(Data under study Opens)

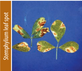
Stemphylium leaf spot

Typically in a 30-day cutting interval, like that used in dairy production in Wisconsin, foliar diseases cause minimal damage. Coupled with the heightened risk of fungicide resistance development toward these modern fungicides, application of fungicide on alfalfa for dairy production is not recommended unless heavy disease pressure is observed.
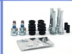
Brake Repair Kit
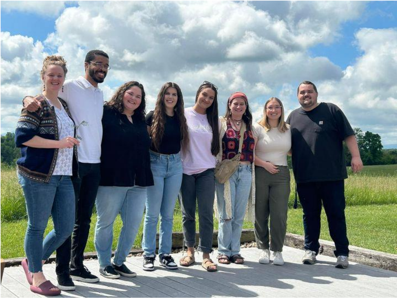
James Madison University School Counseling “Class of 2024”
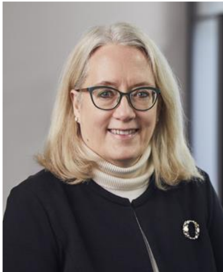
IASB Board member
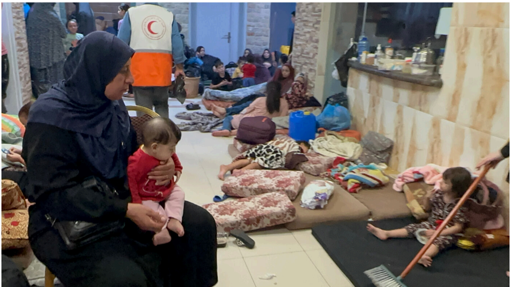
Displaced Palestinians staying at Al Quds hospital in Gaza, 29 October 2023.
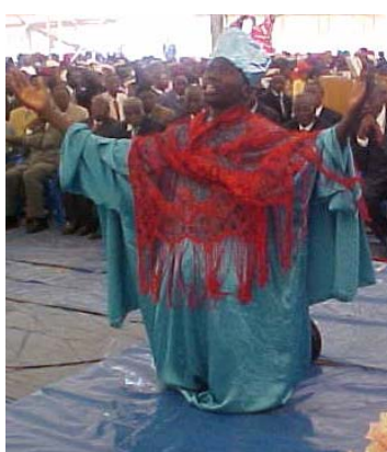
... Prays at Gilgal
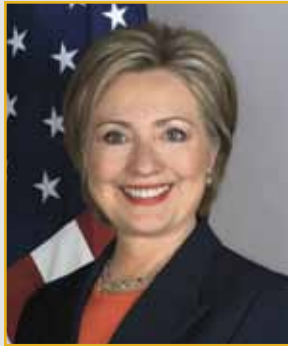
HON. HILLARY CLINTON U.S. Secretary of State
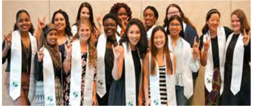
USF's GloBull Ambassadors Spring 2018.
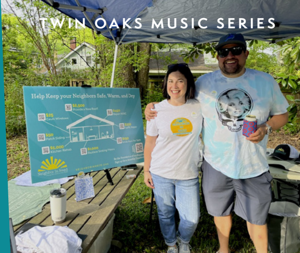
TWIN OAKS MUSIC SERIES
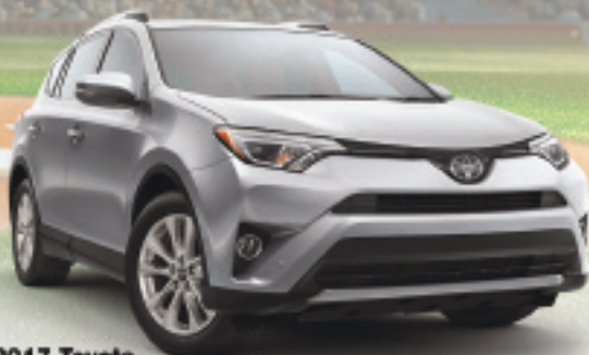
NEW 2017 Toyota RAV4 LE AWD

0% FINANCING AVAILABLE FOR UP TO 72 MOS. APR 283 IN STOCK!

(Data under study Closes)

Directions —
Once the pictures are removed, output the entries above exactly as given.

Answer box —
Stemphylium leaf spot

Typically in a 30-day cutting interval, like that used in dairy production in Wisconsin, foliar diseases cause minimal damage. Coupled with the heightened risk of fungicide resistance development toward these modern fungicides, application of fungicide on alfalfa for dairy production is not recommended unless heavy disease pressure is observed.
Brake Repair Kit
James Madison University School Counseling “Class of 2024”
IASB Board member
Displaced Palestinians staying at Al Quds hospital in Gaza, 29 October 2023.
... Prays at Gilgal
HON. HILLARY CLINTON U.S. Secretary of State
USF's GloBull Ambassadors Spring 2018.
TWIN OAKS MUSIC SERIES
NEW 2017 Toyota RAV4 LE AWD

0% FINANCING AVAILABLE FOR UP TO 72 MOS. APR 283 IN STOCK!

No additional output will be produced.